Dataset records
· · · ·
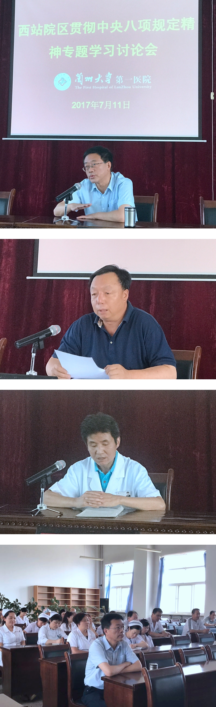 2017年7月11日上午,兰州大学第一医院西站院区直属党支部在第一会议室召开“贯彻中央八项规定精神”专题学习讨论会。副院长周永宁、西站院区常务副院长沈正高参加会议。西站院区直属党支部书记刘振明主持会议。
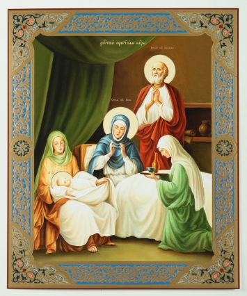 Икона на деревянном планшете 30х40 двойное тиснение, ДСП, ПВХ Рождество Богородицы 2
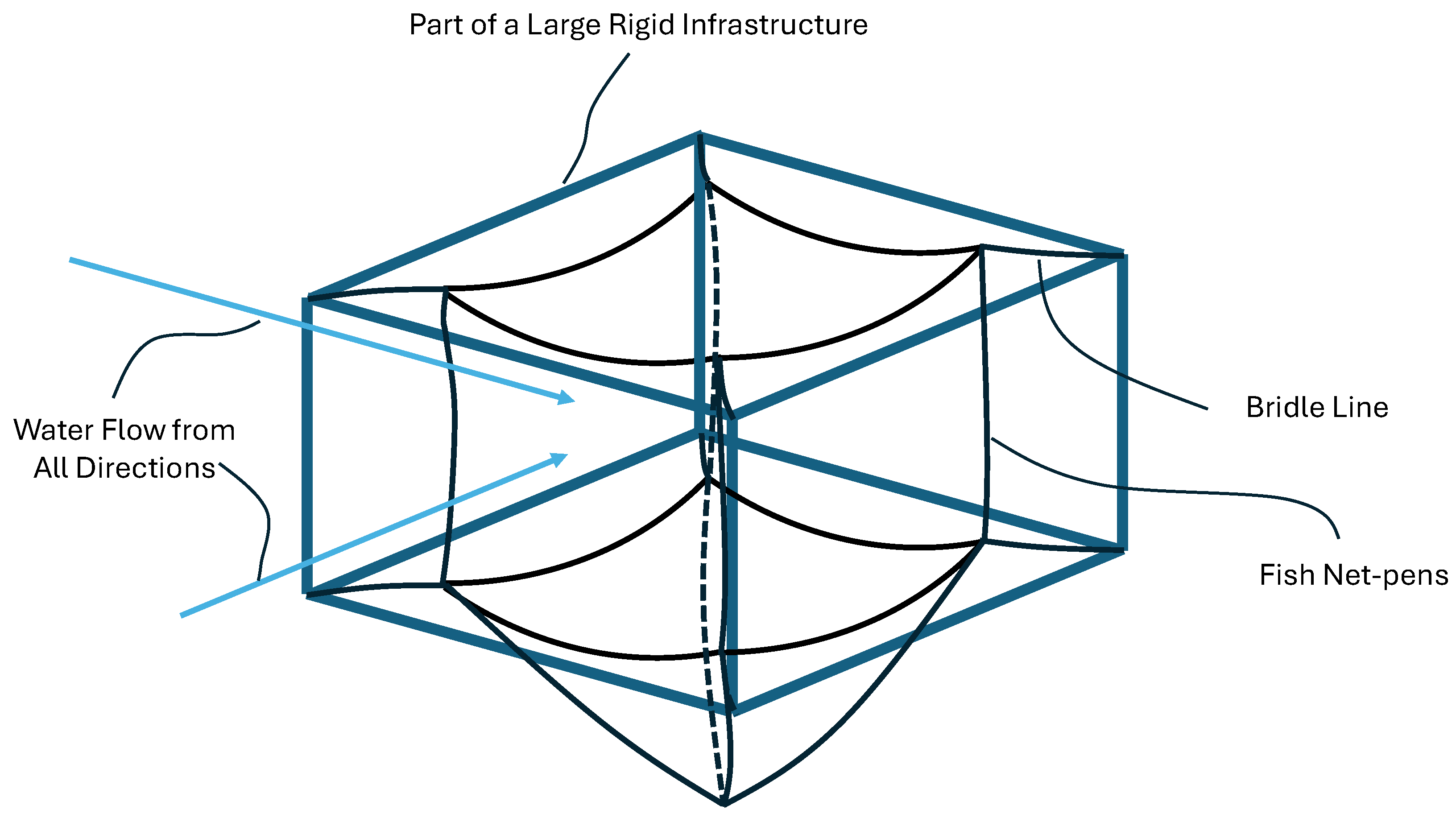 29]. A simplified illustration of fish net-pen setup inside the rigid cage design is shown in
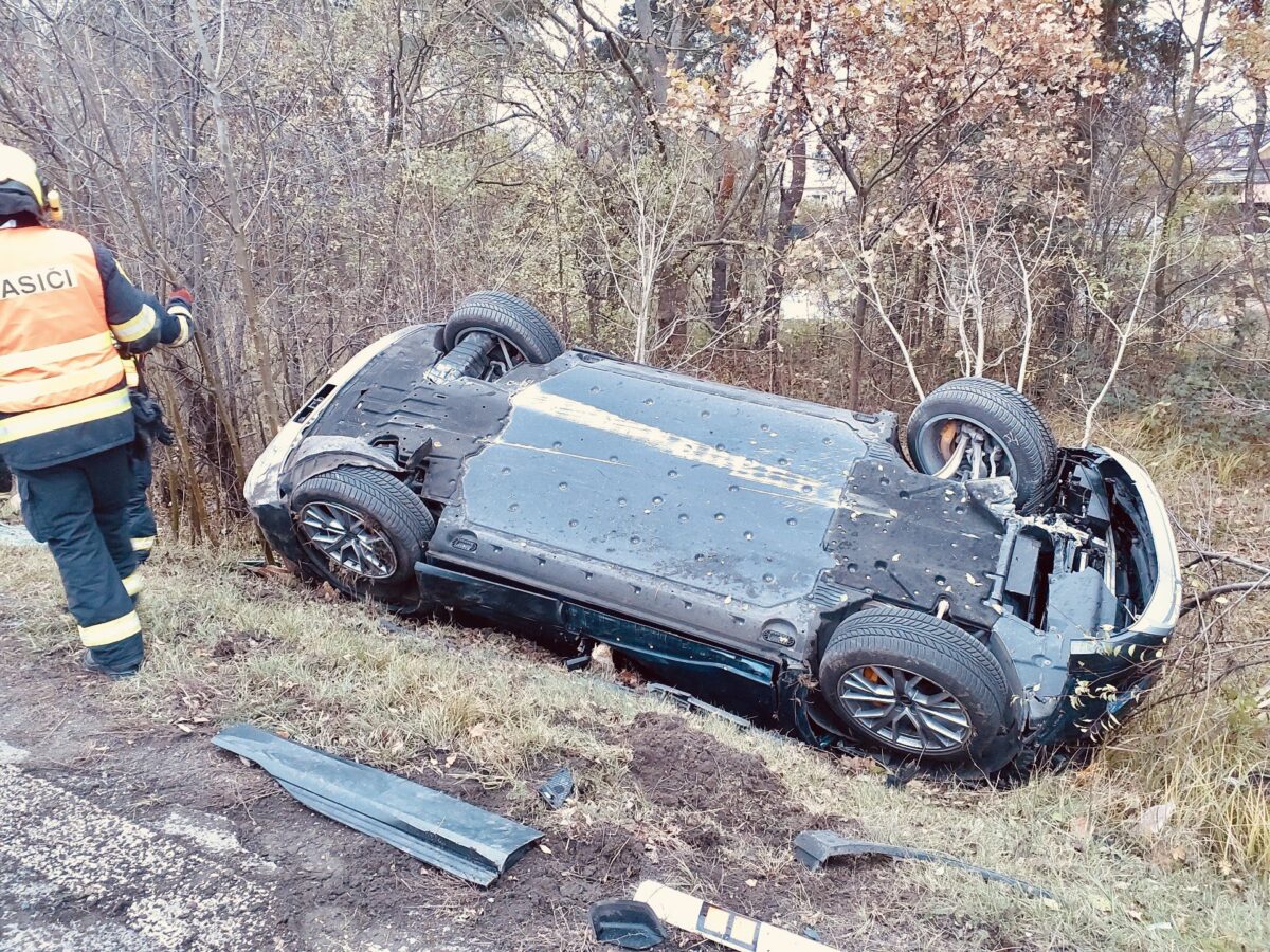 Nehoda v ulici Starokolínská. Hasiči budou vozidlo vyprošťovat z příkopu.
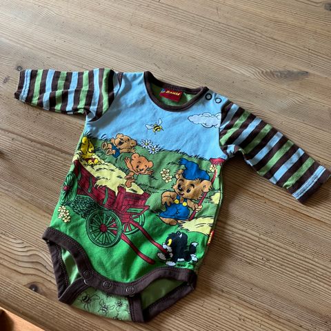 Bamse pitkähihainen body koossa 56. 100% puuvillaa. Painatuksen ääriviivoissa on muutama lohkeama, jotka voi huomata läheltä tarkasteltuna, muuten hyvin siisti.
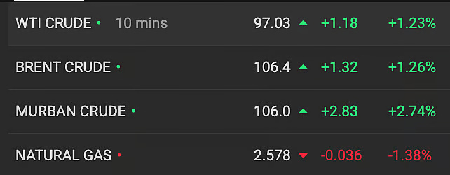 US crude benchmark WTI rose 1.23% to $97.03 a barrel in early trading, while Brent crude, the international benchmark, climbed 1.26% to $106.4 a barrel.
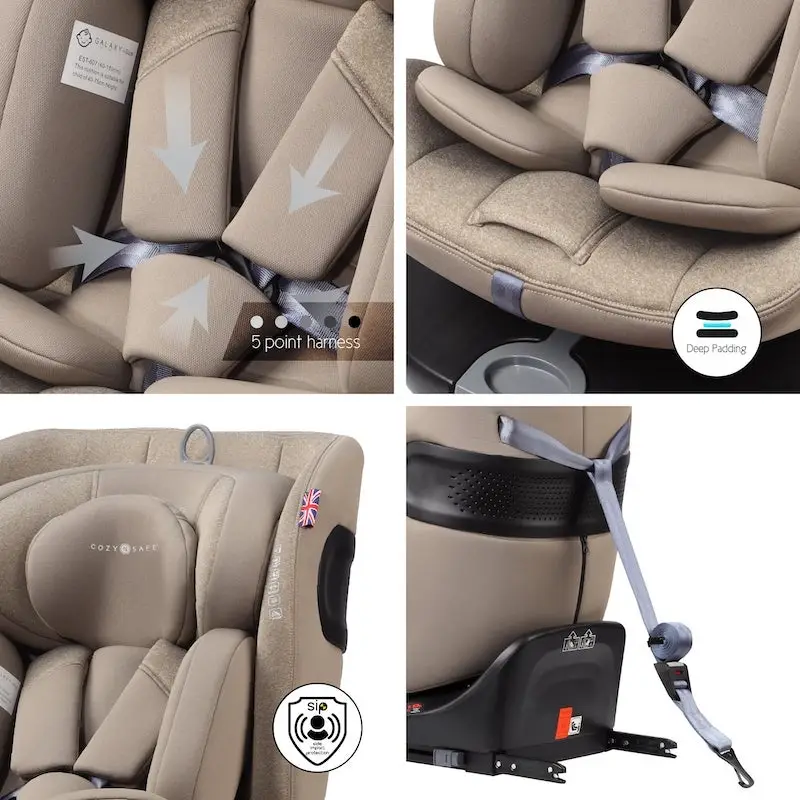 Autosedačka Cozy N Safe Galaxy i-Size 360 kombinuje bezpečnosť, pohodlie a všestrannosť, vďaka čomu sa stane ideálnou voľbou pre vaše dieťa od narodenia až do cca 12 rokov (40 – 1150 cm).
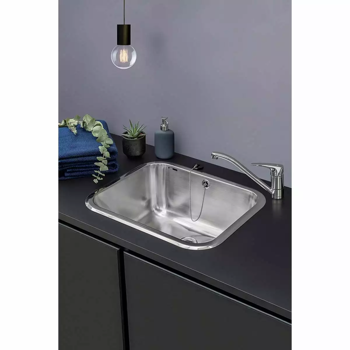 Vaskekar leveres med festeklips og 1 1/4″ ventil med plugg, kjede og overløp.I rustfritt stål for nedfelling i benkeplate. Det kan tilkomme fraktgebyr. I tilfelle vil butikken informere deg om dette når de kontakter deg
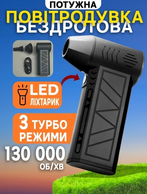 Турбовентилятор Turbo Jet X3 130000 RPM акумуляторний турбінний вентилятор 3000mAh, 52 м
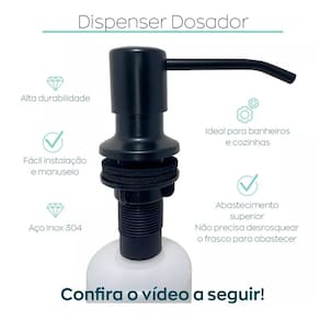 Sua instalação é fácil, ele é o Dispenser ideal para colocar ao lado da sua pia ou torneira, é preciso apenas preparar a superfície com um furo vazado e embutir seu dosador.
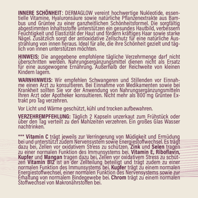 DERMAGLOW vereint hochwertige Nukleotide, essentielle Vitamine, Hyaluronsäure sowie natürliche Pflanzenextrakte aus Bambus und Grüntee zu einer ganzheitlichen Schönheitsformel.
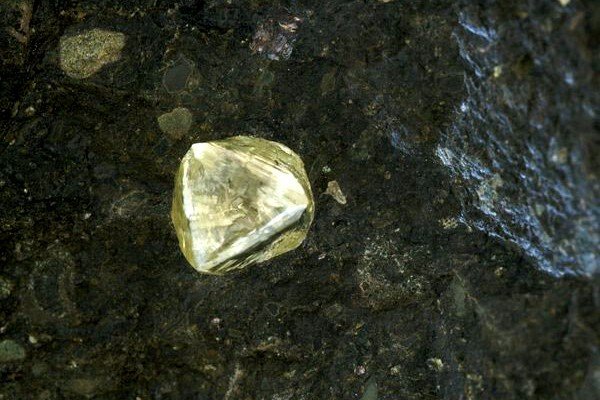 | Một viên kim cương vàng nằm giữa khối đá mắc ma Kimberlite được tìm thấy ở Nam Phi. Kimberley 8 mặt 616 carat – một trong những viên kim cương lớn nhất thế giới - là kim cương vàng. |
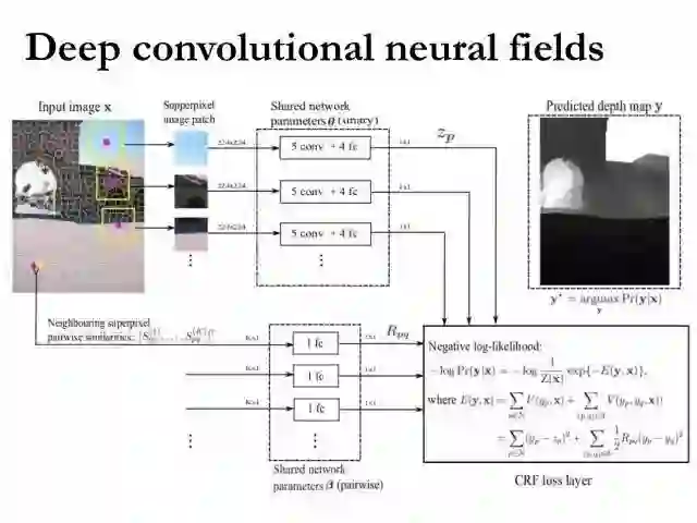 1. 我们的一篇CVPR2016就做了这样一个工作,其中跟深度估计最大的区别就是做像素标记的时候,需要估计的变量是离散的,因为不是连续的,所以做CRF inference的时候,会比较复杂,不可能有闭式解,在离散的情况下,每一次进行梯度计算都需要做一次CRF inference。从计算量的角度来讲是不能忍受的。去年我们有一个CVPR的论文,就是把piecewise近似训练CRF技术跟深度学习结合起来。这样就避免了每一次算梯度需要做CRF inference。这个算法的优点就是:unary term和 pairwise term是可以分开进行训练的。
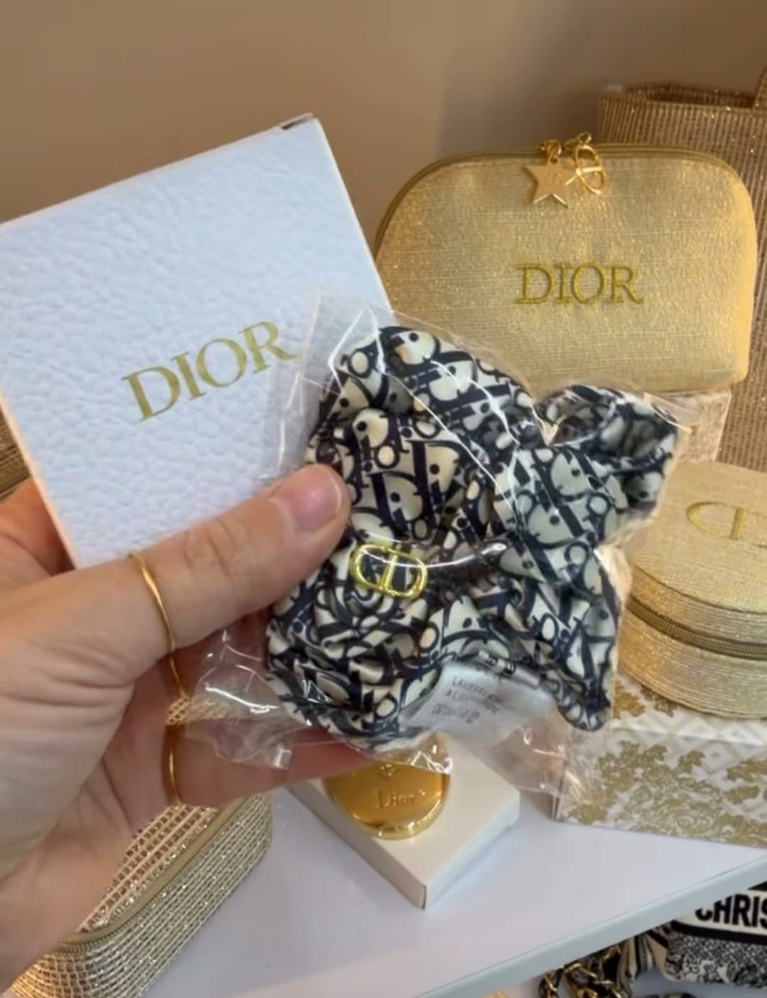 ربطة شعر سكرانشي فاخرة من Dior، مصممة بنمط Oblique الشهير للدار، لتضيف لمسة أنيقة وعصرية لتسريحاتك اليومية. قطعة عملية وراقية تناسب جميع أنواع الشعر وتمنح الإطلالة لمسة كلاسيكية مميزة.
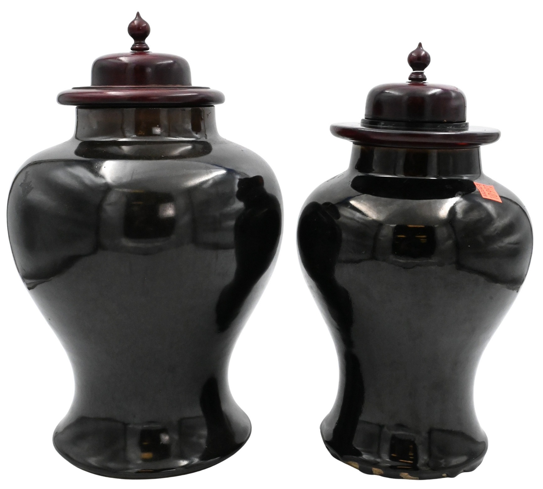 Two Chinese Famille Noire Porcelain Ginger Jars
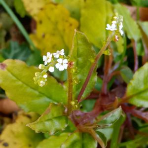 ミズタビラコ(水田平子) ムラサキ科キュウリグサ属の多年草 分布 本州、四国、九州 渓流に沿った山道に生えていました。 花は、もう、終わっている頃ですが、ほんの少し、花が見られました。 花は、くるりと巻いた花序の下部から順に咲いていき、先端部の花が開く頃には、花序は、真っすぐに伸びて、先に咲いた下部には、果実ができていました。
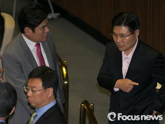 한편 그는 정세균 국회의장이 불붙인 개헌론과 관련해서는 "국회의장이 앞장서서 이 문제를 개진하기 시작하면 모든 이슈가 이리로 빠져들어간다"며 "개헌정국과 연결되면 정부는 아무것도 할 수 없는 그런 결과를 초래할 것"이라고 지적했다.19일 오전 서울 여의도 국회에서 열린 342회 국회(임시회) 1차 본회의에 참석한 원유철(왼쪽) 새누리당 전 원내대표와 홍문종 의원이 대화하고 있다. 2016.05.19 박동욱 기자
· · · ·
About this exercise: Set down again, exactly, every line above from the one with "Autosedačka Cozy N" down to the one with "Турбовентилятор Turbo Jet", both ends included. No pictures, and nothing else.

Written response:
 Autosedačka Cozy N Safe Galaxy i-Size 360 kombinuje bezpečnosť, pohodlie a všestrannosť, vďaka čomu sa stane ideálnou voľbou pre vaše dieťa od narodenia až do cca 12 rokov (40 – 1150 cm).
 Vaskekar leveres med festeklips og 1 1/4″ ventil med plugg, kjede og overløp.I rustfritt stål for nedfelling i benkeplate. Det kan tilkomme fraktgebyr. I tilfelle vil butikken informere deg om dette når de kontakter deg
 Турбовентилятор Turbo Jet X3 130000 RPM акумуляторний турбінний вентилятор 3000mAh, 52 м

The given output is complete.